# Directions for this task
Take the whole listing and reproduce it exactly, pictures excepted.
START Supplied data
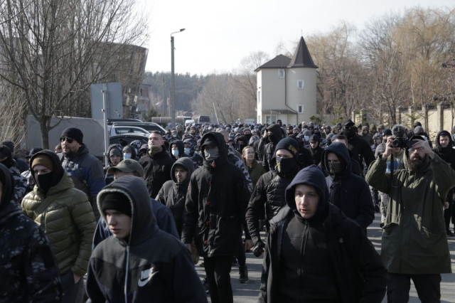 Представники «Національного корпусу» та «Національних дружин» 4 березня, вдруге за останній тиждень, заблокували маєток сина заступника секретаря Ради національної безпеки і оборони (РНБО) України Ігоря Гладковського. Під розкішним будинком в селі Козин (Київська область) зібралося близько тисячі мітингувальників, які вимагають негайно заарештувати всіх причетних до корупційного скандалу з обкраданням українського оборонпрому.
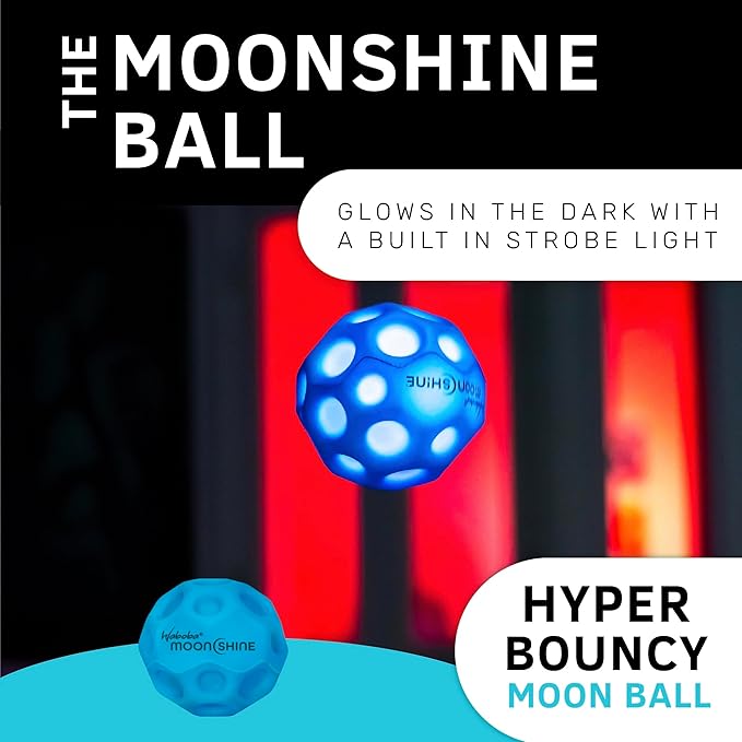 كرة القمر المضيئة الجديدة! ارتدها لتفعيل ضوء القمر الأبيض المتوهج. يبقى ضوء القمر مضاءً لمدة 7 ثوانٍ بعد ارتدادها. بفضل ضوء LED الوامض، تُعدّ هذه الكرة اللعبة الليلية المثالية لإضفاء البهجة على أمسياتكم! ارتدها في الداخل أو الخارج من غروب الشمس إلى شروقها.
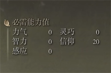 秘文剑这个武器对信仰值得需求会比较高,需要20点信仰,但是在后期信仰点的越高伤害也会越高。
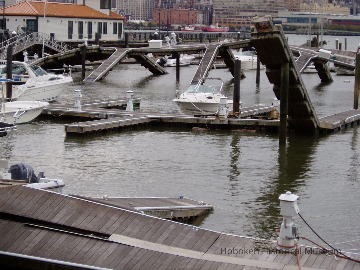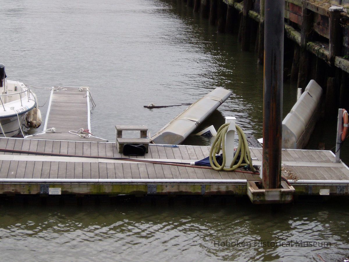 Color photos, 9, of damage from Hurricane Sandy to Hoboken Marina, Nov. 2, 2012.
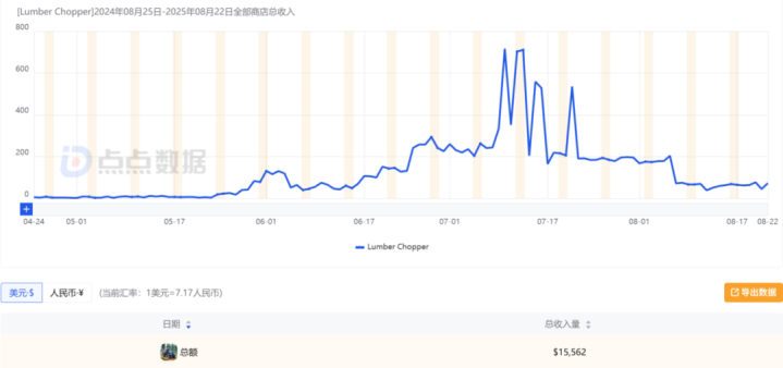 根据点点数据,《Lumber Chopper》自去年11月上线至今的内购总收入超过1.5万美元。总的来说,《Lumber Chopper》证明了将核心玩法体验做好,一样可以拉长超休闲游戏的生命周期。
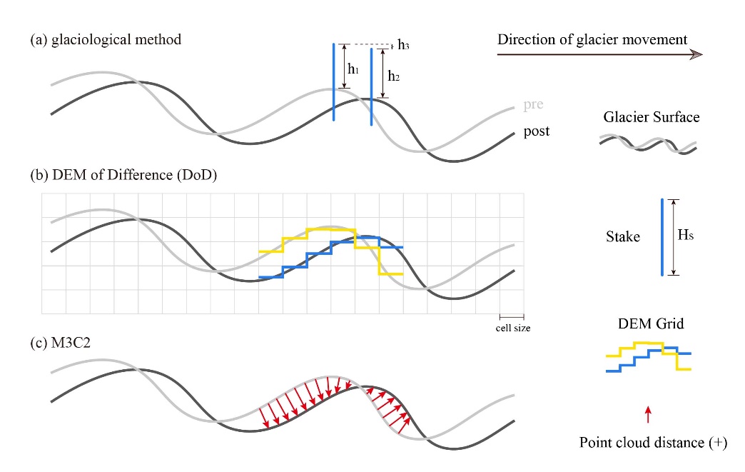 圖1 冰川測量方法對比:a) 花桿測量 b) DEM差分 3)M3C2
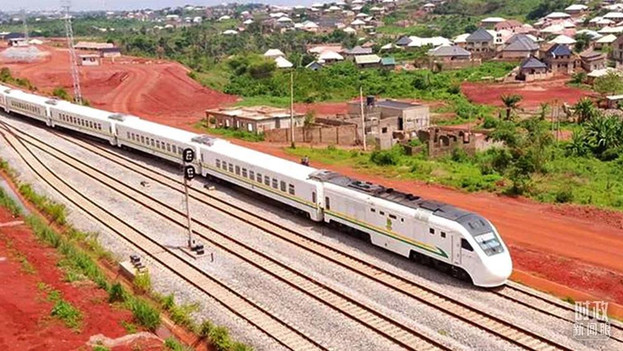 △2021年6月,由中企承建的尼日利亞拉伊鐵路正式通車運(yùn)營(yíng)。這是列車穿過(guò)當(dāng)?shù)鼐用裆鐓^(qū)。(資料圖)
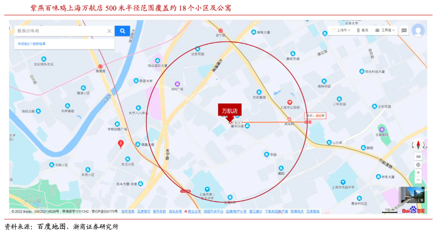 經典案例:根據百度地圖、浙商證券研究所等綜合資訊表明,從門店的業(yè)態(tài)分布看,紫燕百味雞門店選址多位于社區(qū)、農貿市場及周邊位置,方便 C 端消費者購買,更貼近家庭消費人群的正餐需求。以上海萬航店(社區(qū)店)為例,門店 500 米半徑范圍內共有約 18 個小區(qū)及公寓,同時包括小學、中學、老年大學等,周邊居民多為家庭住戶,外出就餐需求相對弱,對佐餐鹵味的需求量相對更高。
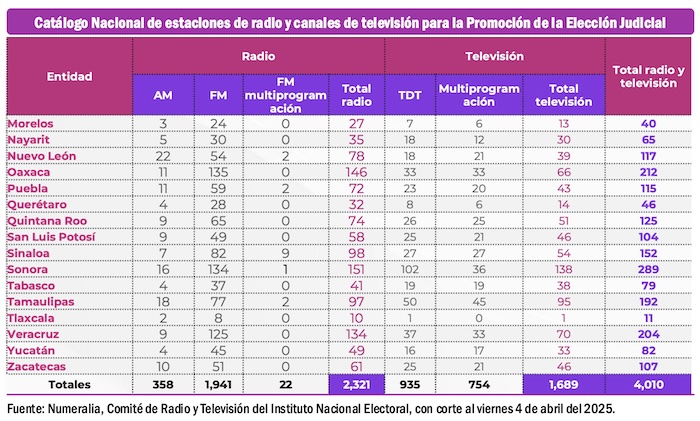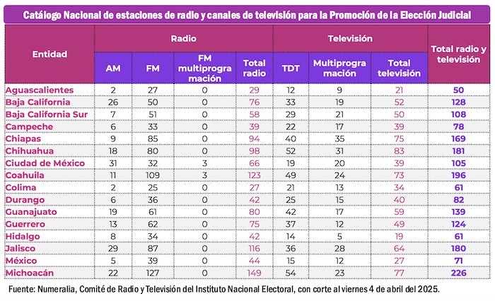 El Comité de Radio y Televisión del Instituto Nacional Electoral seleccionó en todo el país dos mil 321 estaciones de radio que transmitirán los promocionales, de la autoridad y de los candidatos, en los comicios judiciales. También se integró un catálogo de mil 689 estaciones de Televisión para el mismo propósito. En total, entre estaciones de Radio y Televisión habrá en el país cuatro mil 10 estaciones dándole difusión a la elección del Poder Judicial. Los estados en los cuales será más intensa la campaña promocional de los comicios judiciales serán Sonora, con 289 estaciones; Oaxaca, con 2012; Michoacán, en 226; Coahuila, con 196 y Jalisco con 180.
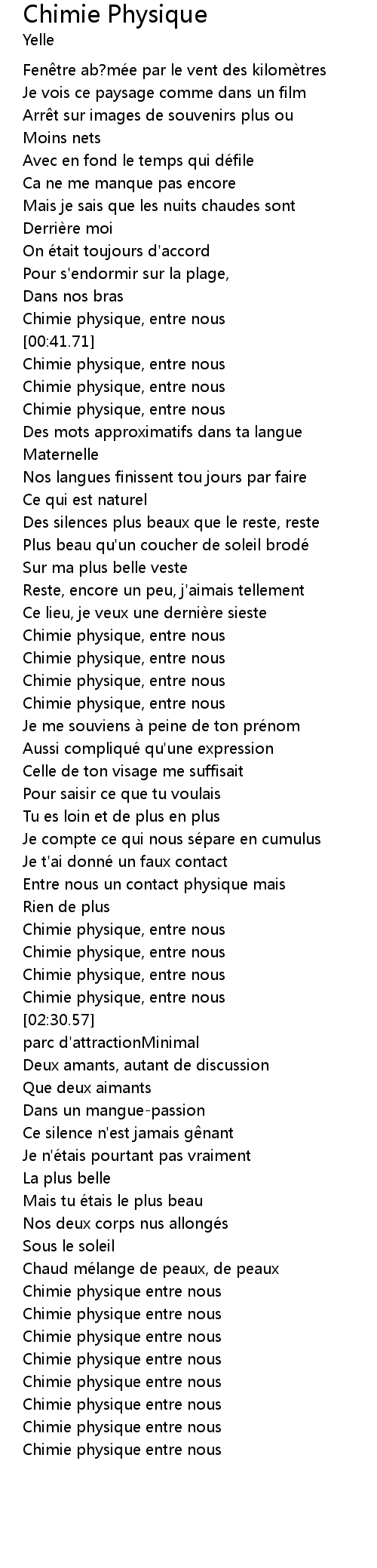 | [03:12.31] | Chaud mé lange de peaux, de peaux |
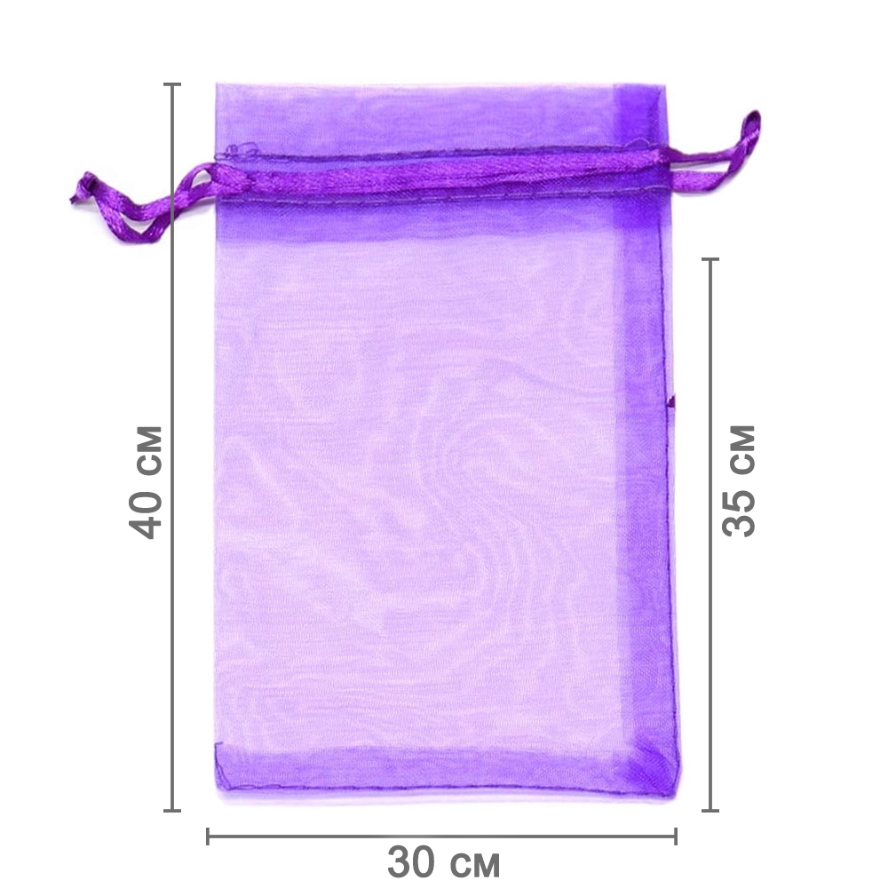 Мешочек из органзы 30 х 40 см — практичный аксессуар для упаковки крупных подарков и хранения предметов. Полупрозрачная ткань подчёркивает содержимое и придаёт праздничный вид.
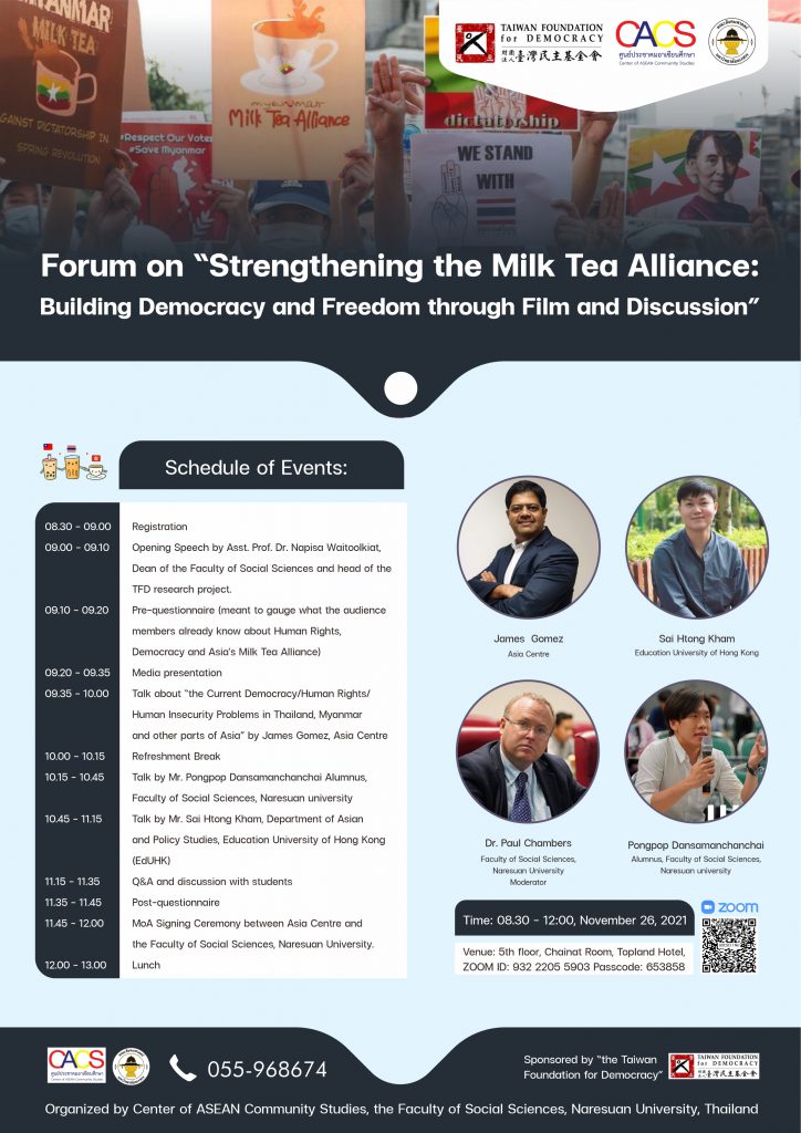 Forum on “Strengthening the Milk Tea Alliance: Building Democracy and Freedom through Film and Discussion” Forum on “Strengthening the Milk Tea Alliance:Building Democracy and Freedom through Film and Discussion” Time: 08.30 – 13:00, November 26, 2021Venue: 5th floor, Chainat Room, Topland Hotel, Phitsanulok Join Zoom Meeting ZOOM ID: 932 2205 5903Passcode: 653858
END Supplied data
# Response below
 Представники «Національного корпусу» та «Національних дружин» 4 березня, вдруге за останній тиждень, заблокували маєток сина заступника секретаря Ради національної безпеки і оборони (РНБО) України Ігоря Гладковського. Під розкішним будинком в селі Козин (Київська область) зібралося близько тисячі мітингувальників, які вимагають негайно заарештувати всіх причетних до корупційного скандалу з обкраданням українського оборонпрому.
 كرة القمر المضيئة الجديدة! ارتدها لتفعيل ضوء القمر الأبيض المتوهج. يبقى ضوء القمر مضاءً لمدة 7 ثوانٍ بعد ارتدادها. بفضل ضوء LED الوامض، تُعدّ هذه الكرة اللعبة الليلية المثالية لإضفاء البهجة على أمسياتكم! ارتدها في الداخل أو الخارج من غروب الشمس إلى شروقها.
 秘文剑这个武器对信仰值得需求会比较高,需要20点信仰,但是在后期信仰点的越高伤害也会越高。
 Color photos, 9, of damage from Hurricane Sandy to Hoboken Marina, Nov. 2, 2012.
 根据点点数据,《Lumber Chopper》自去年11月上线至今的内购总收入超过1.5万美元。总的来说,《Lumber Chopper》证明了将核心玩法体验做好,一样可以拉长超休闲游戏的生命周期。
 圖1 冰川測量方法對比:a) 花桿測量 b) DEM差分 3)M3C2
 △2021年6月,由中企承建的尼日利亞拉伊鐵路正式通車運(yùn)營(yíng)。這是列車穿過(guò)當(dāng)?shù)鼐用裆鐓^(qū)。(資料圖)
 經典案例:根據百度地圖、浙商證券研究所等綜合資訊表明,從門店的業(yè)態(tài)分布看,紫燕百味雞門店選址多位于社區(qū)、農貿市場及周邊位置,方便 C 端消費者購買,更貼近家庭消費人群的正餐需求。以上海萬航店(社區(qū)店)為例,門店 500 米半徑范圍內共有約 18 個小區(qū)及公寓,同時包括小學、中學、老年大學等,周邊居民多為家庭住戶,外出就餐需求相對弱,對佐餐鹵味的需求量相對更高。
 El Comité de Radio y Televisión del Instituto Nacional Electoral seleccionó en todo el país dos mil 321 estaciones de radio que transmitirán los promocionales, de la autoridad y de los candidatos, en los comicios judiciales. También se integró un catálogo de mil 689 estaciones de Televisión para el mismo propósito. En total, entre estaciones de Radio y Televisión habrá en el país cuatro mil 10 estaciones dándole difusión a la elección del Poder Judicial. Los estados en los cuales será más intensa la campaña promocional de los comicios judiciales serán Sonora, con 289 estaciones; Oaxaca, con 2012; Michoacán, en 226; Coahuila, con 196 y Jalisco con 180.
 | [03:12.31] | Chaud mé lange de peaux, de peaux |
 Мешочек из органзы 30 х 40 см — практичный аксессуар для упаковки крупных подарков и хранения предметов. Полупрозрачная ткань подчёркивает содержимое и придаёт праздничный вид.
 Forum on “Strengthening the Milk Tea Alliance: Building Democracy and Freedom through Film and Discussion” Forum on “Strengthening the Milk Tea Alliance:Building Democracy and Freedom through Film and Discussion” Time: 08.30 – 13:00, November 26, 2021Venue: 5th floor, Chainat Room, Topland Hotel, Phitsanulok Join Zoom Meeting ZOOM ID: 932 2205 5903Passcode: 653858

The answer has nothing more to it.